If you see notGCed leaks, where the retaining path starts with global or static variable, this means that some objects were disposed, but references to them were never released.

root -> staticA -> B -> C -> disposedD

In this example, disposedD should stop being reachable from the root. You need to find the closest to the root object, that is not needed any more and release reference to it, that will make the entire chain after available for garbage collection.

There are ways to release the reference:

  1. If the object is disposed by owner in the owner's dispose, check who holds the owner and release the reference to it:
void dispose() {
  disposedD.dispose();
}
  1. If the object is disposed earlier than owner's disposal, null the reference out:
disposedD?.dispose();
disposedD = null;
  1. If the object is held by non-owner, make the reference weak:
class C {
  ...
  final WeakReference<MyClass> disposedD;
  ...
}

3. More than one closure context

If a method contains more than one closures, they share the context and thus all instances of the context will be alive while at least one of the closures is alive.
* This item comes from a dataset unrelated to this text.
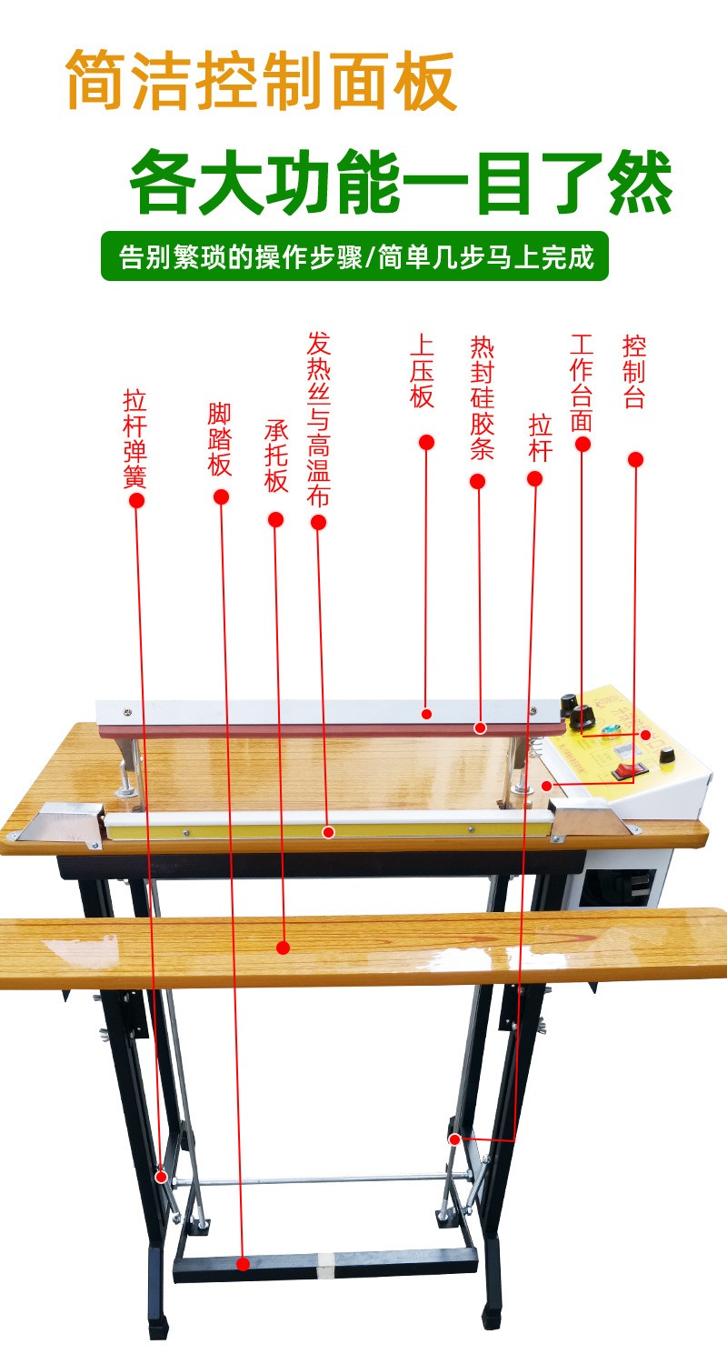 - 腳踏裝置:腳踏板是腳踏封口機的重要組成部分,通常設計有防滑紋理,以確保操作人員踩踏時的安全性和穩定性。腳踏板通過連桿與封口部件相連,連桿一般由金屬材質制成,具有足夠的強度和韌性,能有效傳遞力量。

TODO: add example (if you have a good example, please, contribute), #207

Such cases are hard to troubleshoot. One way to fix them is to convert all closures, which reference the leaked type, to named methods.

4. Leak is originated in a dependency

If a found leak is originated in the Flutter Framework or a dependent package, file a bug or contribute a fix to the repo.

See the tracking issue for memory leak clean up in Flutter Framework. See documentation for testWidgets to learn how to ignore leaks while a fix is on the way.

5. Leaking object is Image or ImageInfo

Images in Flutter have an unusual lifecycle:

  1. Image and ImageInfo have a non-standard contract for disposal.

  2. The setting .withIgnored(createdByTestHelpers: true) does not work for images, because creation of their native part is not detectable as happening in a test helper.

  3. Images are cached and reused that improves test performance. And, tearDownAll(imageCache.clear) will NOT help, because some image disposals are postponed to after next frame. To clear the cached images invoke imageCache.clear() and/or imageCache.clearLiveImages() at the very end of the test.